EXCERPTED DATA

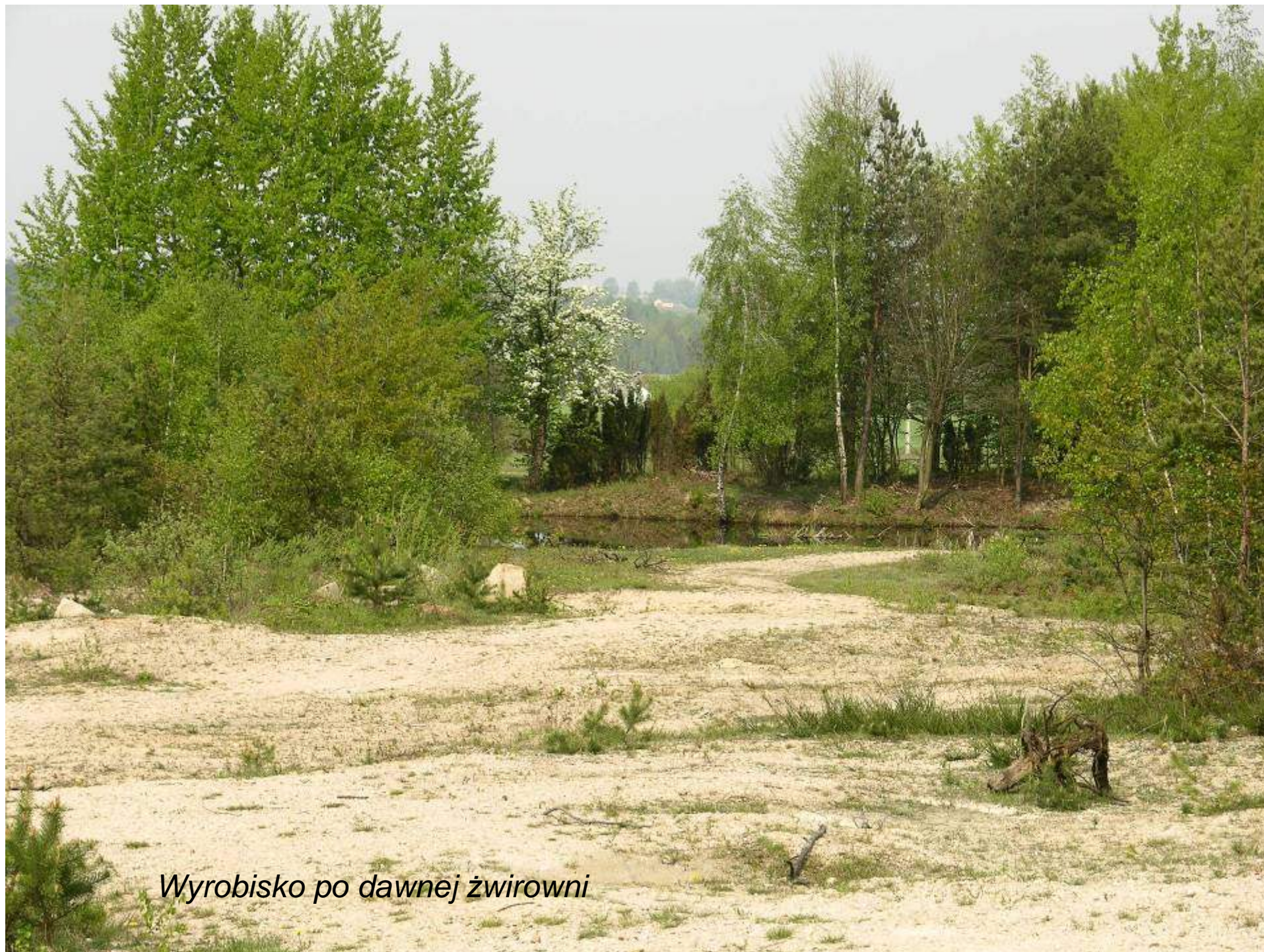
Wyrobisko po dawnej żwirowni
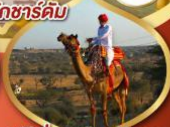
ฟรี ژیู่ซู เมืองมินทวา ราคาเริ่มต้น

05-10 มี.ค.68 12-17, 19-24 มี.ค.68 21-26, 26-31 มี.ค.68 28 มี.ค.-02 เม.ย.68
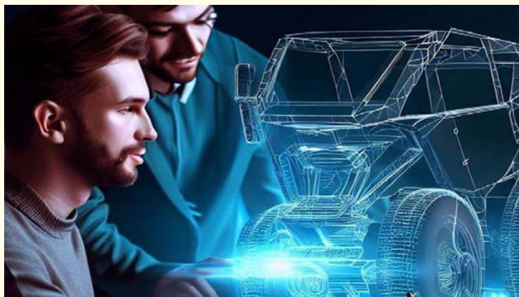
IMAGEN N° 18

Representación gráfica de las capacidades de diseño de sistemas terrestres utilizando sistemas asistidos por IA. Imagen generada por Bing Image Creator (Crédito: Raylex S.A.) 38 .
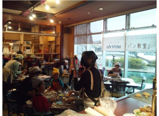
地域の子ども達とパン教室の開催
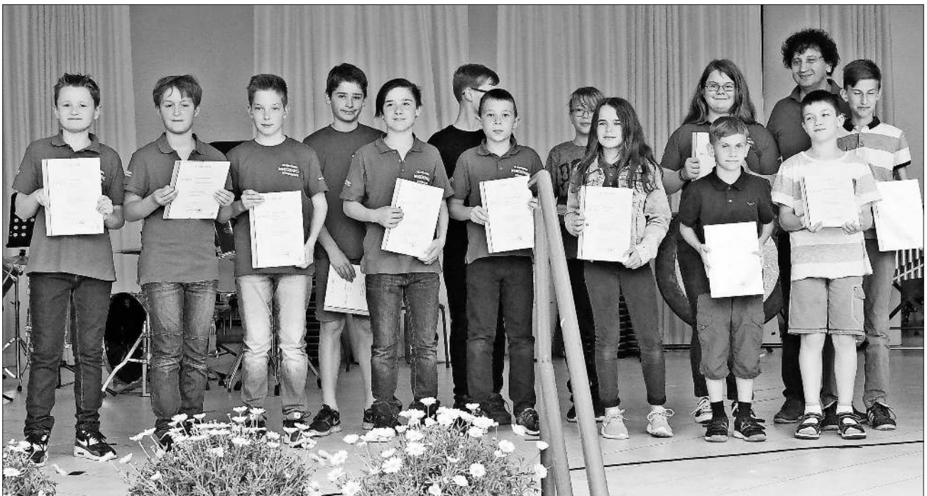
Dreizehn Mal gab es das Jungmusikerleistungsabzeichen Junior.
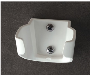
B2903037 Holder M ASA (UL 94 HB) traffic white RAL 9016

---

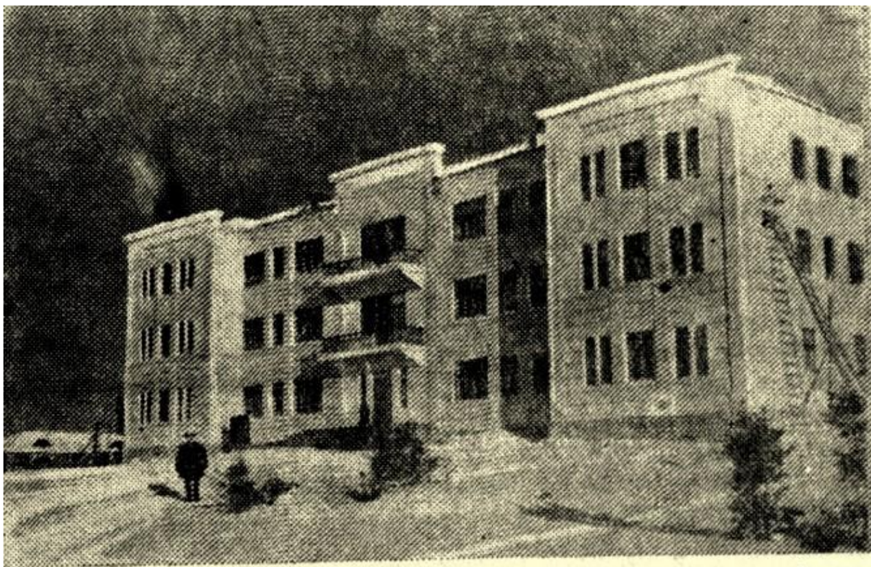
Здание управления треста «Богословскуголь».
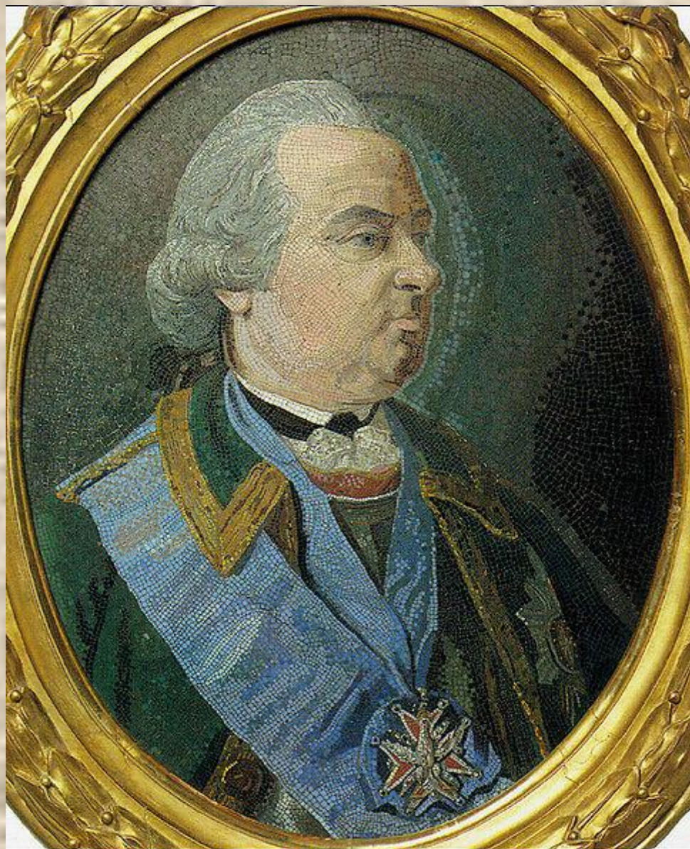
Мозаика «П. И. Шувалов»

==

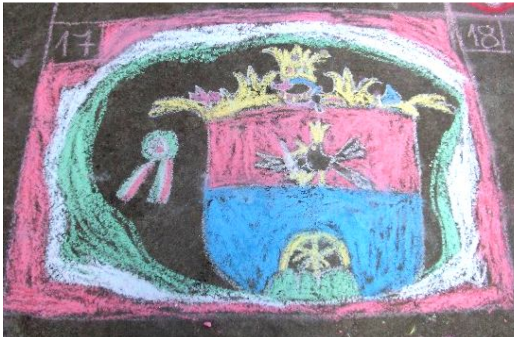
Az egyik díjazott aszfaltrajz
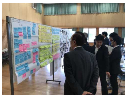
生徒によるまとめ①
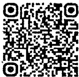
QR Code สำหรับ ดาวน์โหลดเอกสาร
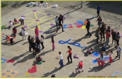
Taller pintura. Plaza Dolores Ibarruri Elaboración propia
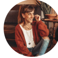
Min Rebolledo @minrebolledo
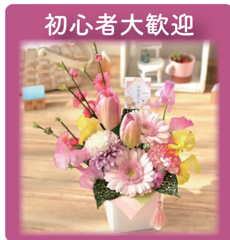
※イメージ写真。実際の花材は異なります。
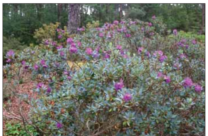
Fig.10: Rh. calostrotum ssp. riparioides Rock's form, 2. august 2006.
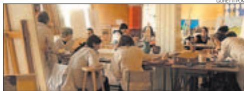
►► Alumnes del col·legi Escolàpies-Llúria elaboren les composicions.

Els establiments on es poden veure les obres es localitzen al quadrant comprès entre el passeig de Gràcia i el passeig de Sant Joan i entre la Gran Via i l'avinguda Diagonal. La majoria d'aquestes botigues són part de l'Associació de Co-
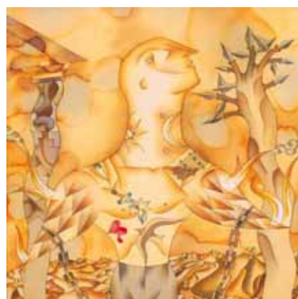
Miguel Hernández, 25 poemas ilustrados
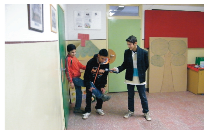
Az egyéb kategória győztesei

WORK REQUIRED
An exact transcription is needed of the lines from the one with "QR Code สำหรับ ดาวน์โหลดเอกสาร" to the one with "Az egyéb kategória győztesei" above, both ends included, with pictures left out.

WRITTEN SOLUTION
QR Code สำหรับ ดาวน์โหลดเอกสาร
Taller pintura. Plaza Dolores Ibarruri Elaboración propia
Min Rebolledo @minrebolledo
※イメージ写真。実際の花材は異なります。
Fig.10: Rh. calostrotum ssp. riparioides Rock's form, 2. august 2006.
►► Alumnes del col·legi Escolàpies-Llúria elaboren les composicions.

Els establiments on es poden veure les obres es localitzen al quadrant comprès entre el passeig de Gràcia i el passeig de Sant Joan i entre la Gran Via i l'avinguda Diagonal. La majoria d'aquestes botigues són part de l'Associació de Co-
Miguel Hernández, 25 poemas ilustrados
Az egyéb kategória győztesei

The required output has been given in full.